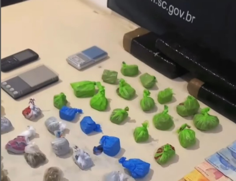 Conforme a PM, foram encontrados cocaína, tijolos de maconha e crack. “Além de dinheiro e demais utensílios para o exercício da atividade ilegal”, escreveu a PM na rede social (vídeo aqui).
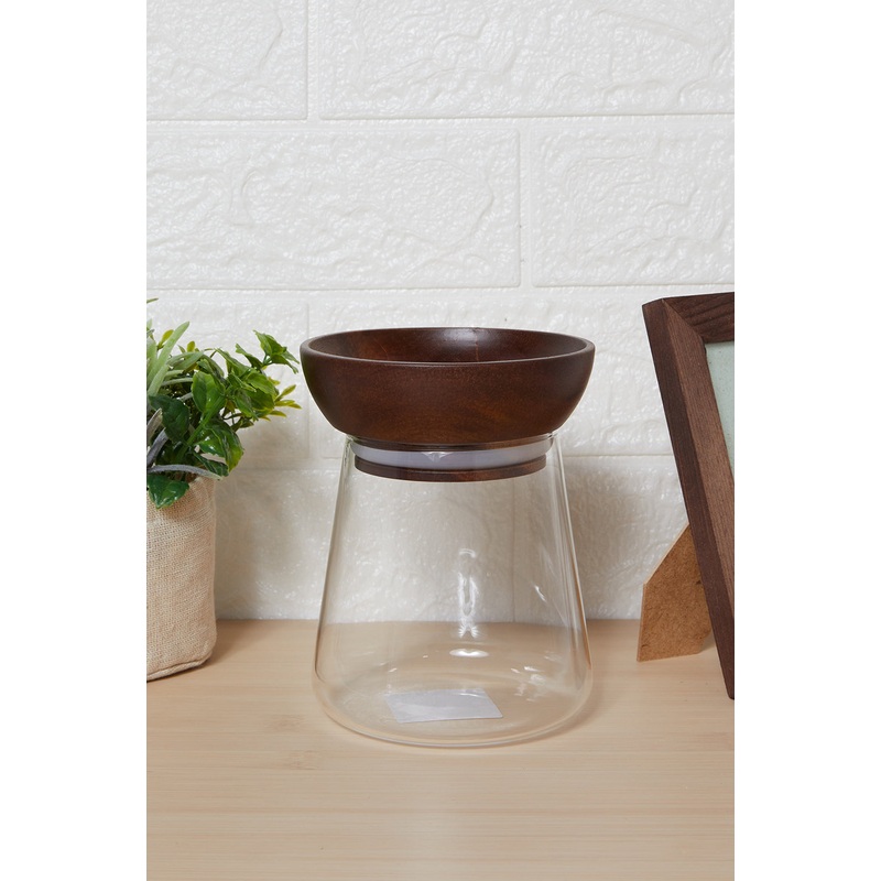 Keep your kitchen organized with our glass canister, featuring a sleek wooden cover for an elegant and airtight seal.Section: Home-DiningColour: Brown/ClearPattern: PlainSize: Glass Capacity: 700mlCare Instructions: Easy WashMaterial: Glass, WoodStyle No:
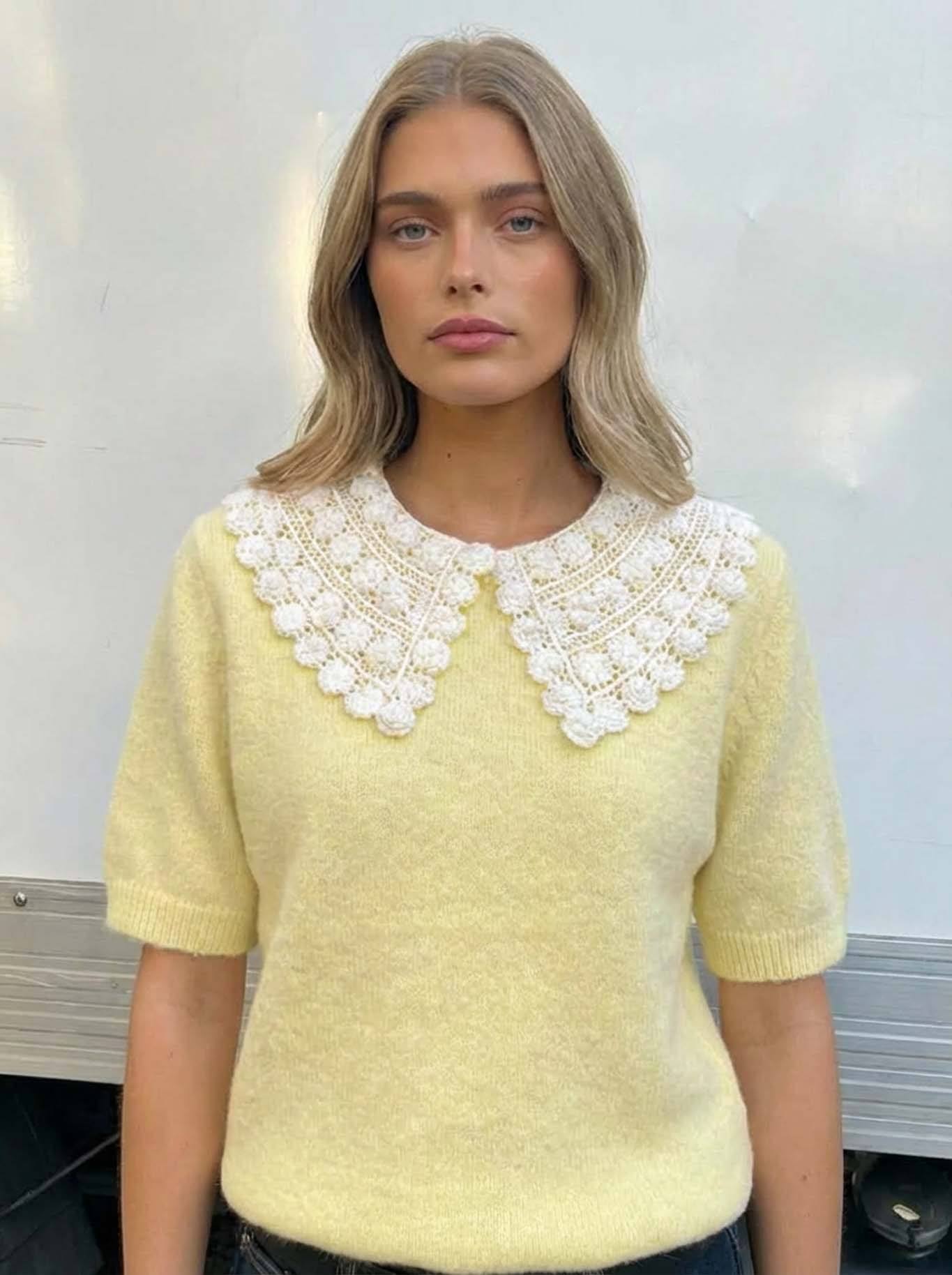 Κομψό πλεκτό τοπ, με κοντά μανίκια και άνετη εφαρμογή. Διαθέτει εντυπωσιακό, φαρδύ γιακά από λευκή δαντέλα με περίτεχνο σχέδιο και στρογγυλεμένες άκρες, που προσθέτει ρομαντική και vintage αισθητική. Ιδανικό για ανοιξιάτικες και καλοκαιρινές εμφανίσεις, συνδυάζεται εύκολα με τζιν ή φούστα για ένα θηλυκό και κομψό look.
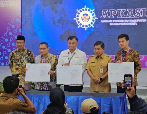 Penandatanganan MoU dilakukan oleh Direktur Bisnis Konektivitas PLN Icon Plus Sigit Witjaksono dan Ketua Umum Apkasi Sutan Riska Tuanku Kerajaan di Hall A Balai Sidang Jakarta Convention Center, Senayan, Jakarta.
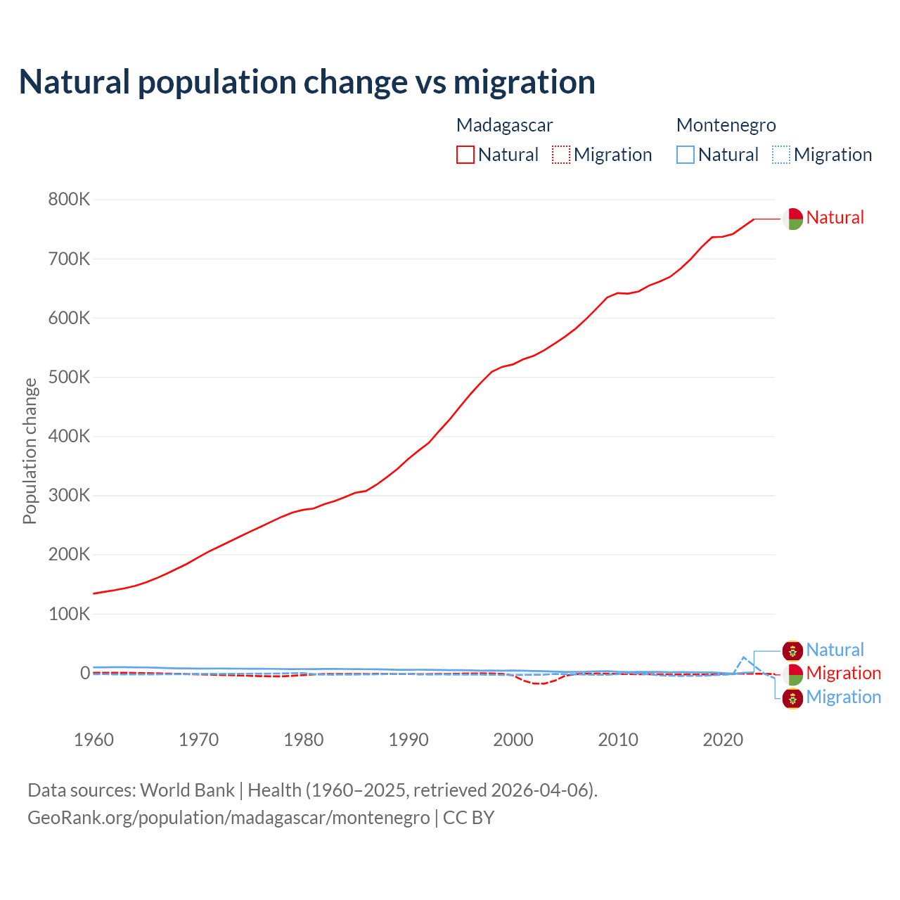 Over the last 10 years, 99.7% of the population change in Madagascar is from natural causes (a gain of 7,165,578 people) and 0.31% is from migration (a loss of 22,384 people). In Montenegro 52.4% is from natural causes (a gain of 4,501 people) and 47.6% is from migration (a gain of 4,095 people).

========================================================================

PROBLEM: Write out exactly the lines from the one containing "Κομψό πλεκτό τοπ, με" through the last line of the records above, both ends included, and leave out any pictures.

EXERCISE OUTPUT:
 Κομψό πλεκτό τοπ, με κοντά μανίκια και άνετη εφαρμογή. Διαθέτει εντυπωσιακό, φαρδύ γιακά από λευκή δαντέλα με περίτεχνο σχέδιο και στρογγυλεμένες άκρες, που προσθέτει ρομαντική και vintage αισθητική. Ιδανικό για ανοιξιάτικες και καλοκαιρινές εμφανίσεις, συνδυάζεται εύκολα με τζιν ή φούστα για ένα θηλυκό και κομψό look.
 Penandatanganan MoU dilakukan oleh Direktur Bisnis Konektivitas PLN Icon Plus Sigit Witjaksono dan Ketua Umum Apkasi Sutan Riska Tuanku Kerajaan di Hall A Balai Sidang Jakarta Convention Center, Senayan, Jakarta.
 Over the last 10 years, 99.7% of the population change in Madagascar is from natural causes (a gain of 7,165,578 people) and 0.31% is from migration (a loss of 22,384 people). In Montenegro 52.4% is from natural causes (a gain of 4,501 people) and 47.6% is from migration (a gain of 4,095 people).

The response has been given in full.